President Donald Trump said he’ll be making a “major announcement” on the government shutdown and the southern border on Saturday afternoon as the standstill over his border wall continues into its fifth week.
The White House declined to provide details late Friday about what the president would be announcing. But Trump was not expected to sign the national emergency declaration he’s been threatening as an option to circumvent Congress, according to two people familiar with the planning.
Instead, Trump was expected to propose the outlines of a new deal that the administration believes could potentially pave the way to an end to the shutdown, according to one of the people. They were not authorized to discuss the announcement and spoke on condition of anonymity.
The move - on Day 28 of a shutdown that has left hundreds of thousands of federal workers without paychecks - represents the first major overture by the president since January 8, when he delivered an Oval Office address making the public case for his border wall. The president and his aides have said he will not budge on his demand for $5.7 billion in funding. Democrats have panned the number and said they will not negotiate until the government reopens, raising questions about how Trump might move the ball forward.
In a video posted on his Twitter feed late Friday, Trump said both sides should “take the politics out of it” and “get to work” to “make a deal.” But he also repeated his warnings, saying: “We have to secure our southern border.

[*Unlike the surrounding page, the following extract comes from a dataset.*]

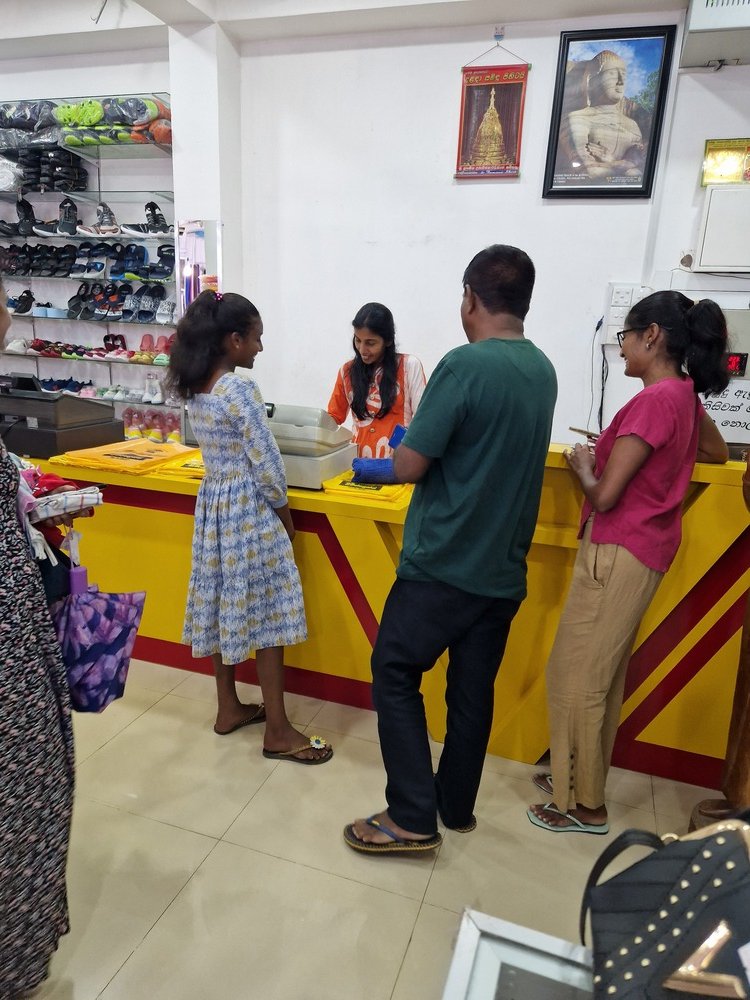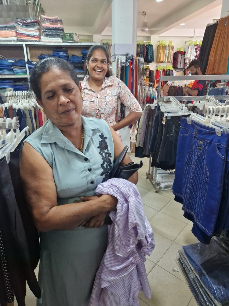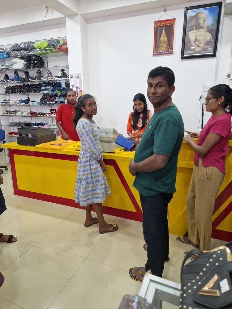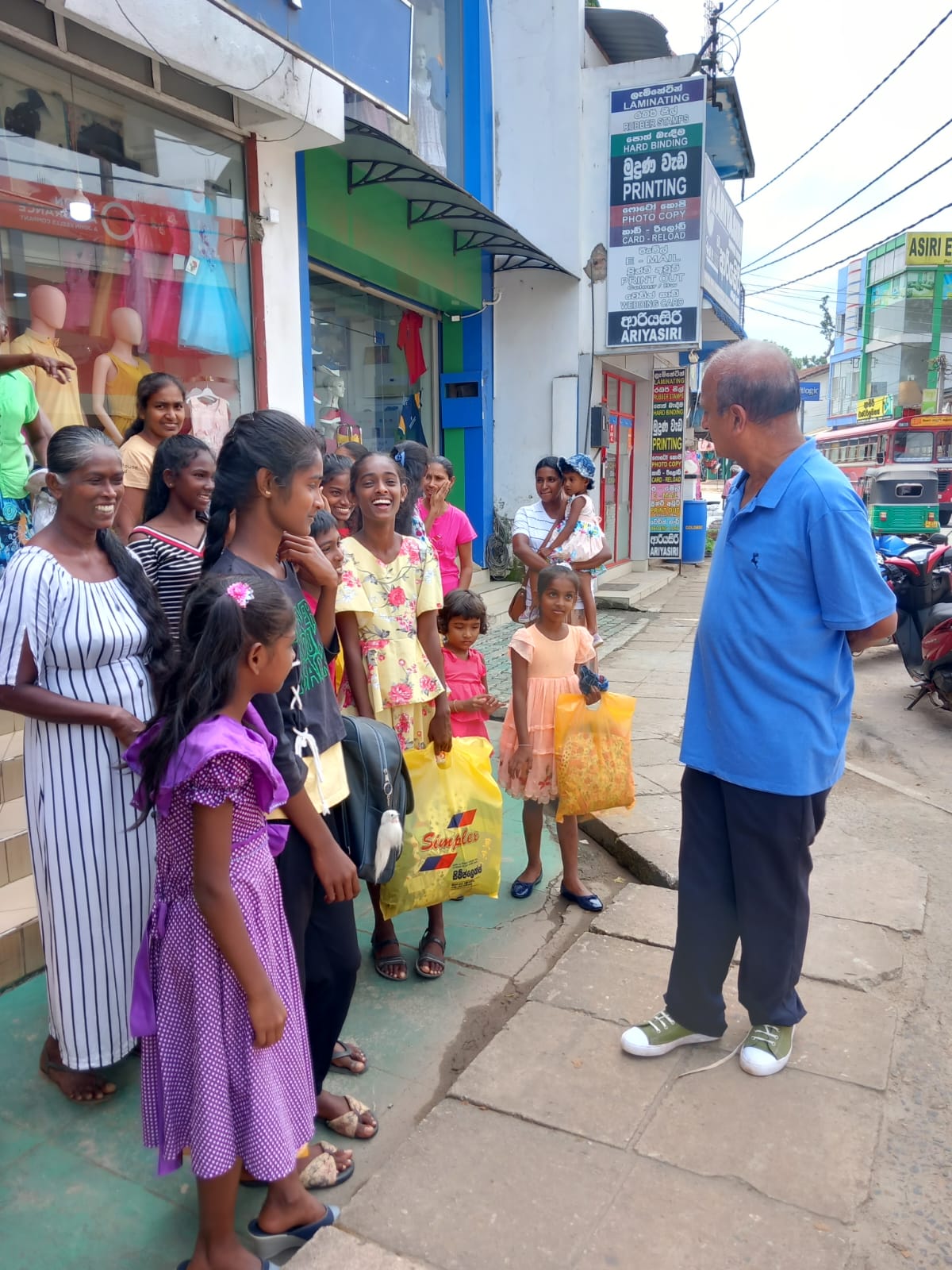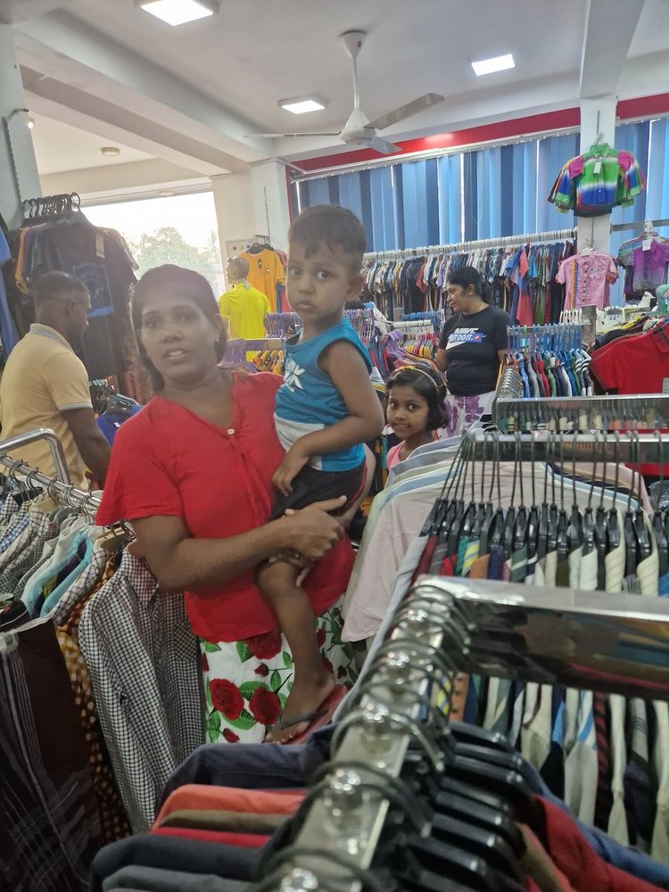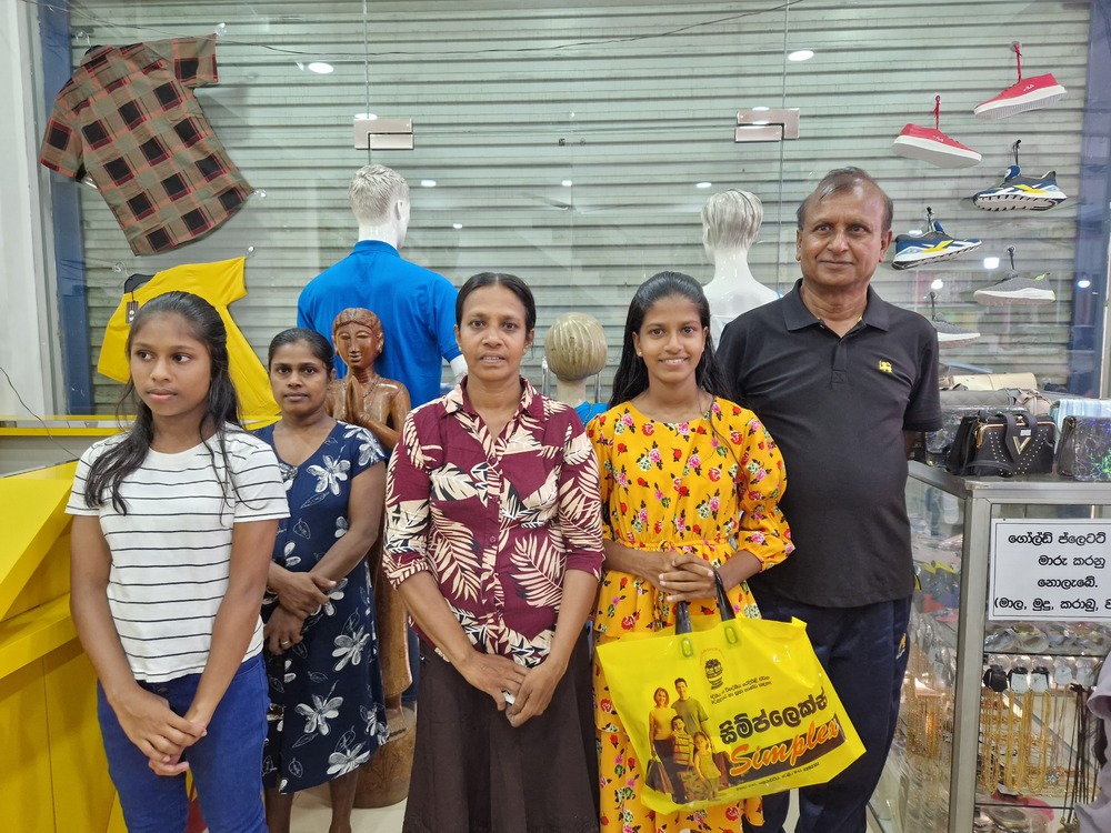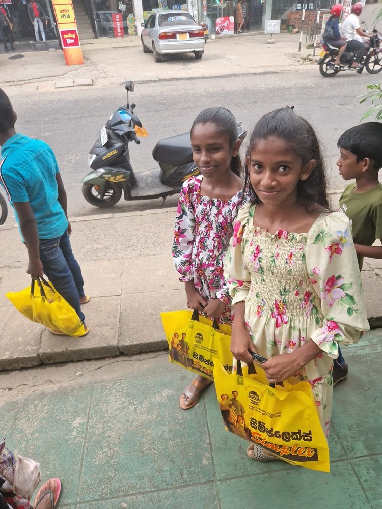 Mr. Devsiri Hewavidana, who was on vacation in Sri Lanka in March 2024 , had a clear understanding of the serious economic difficulties faced by parents in Kamburupitiya. When he realized that they did not have enough money to buy clothes for their children for the New Year, he discussed the sad situation with Mr. Sirisena, Honorary Chairman of UK Friends of Galle Foundation as to how they could help the poor parents. . Mr. Gamage, then spoke to some well-known businessmen in Kamburupitiya and asked if it would be possible for them to sell clothes to chosen group of children at a huge discount. Hearing this, Anura and Nadi Wickramasinghe, the owners of Simplex, the main designer clothes shop in Kamburupitiya, immediately agreed to his proposal. They kindly agreed to give new clothes to children at a very generous 25% discount . Also, the manager of DSI shoe shop in Kamburupitiya, Mr. Indunil Priyantha said that he and the directors of his company were very willing to participate in such a great meritorious act.

If we don’t do that, we’re a very, very sad and foolish lot.”
White House spokeswoman Sarah Huckabee Sanders said only that Trump was “going to continue fighting for border security” and “going to continue looking for the solution” to end what the administration had repeatedly referred to as a “humanitarian and national security crisis at the border.”
While few would argue that a humanitarian crisis is unfolding at the US-Mexico border, as the demand for entry by migrants and the Trump administration’s hardline response overwhelm border resources, critics say Trump has dramatically exaggerated the security risks and argue that a wall would do little to solve existing problems.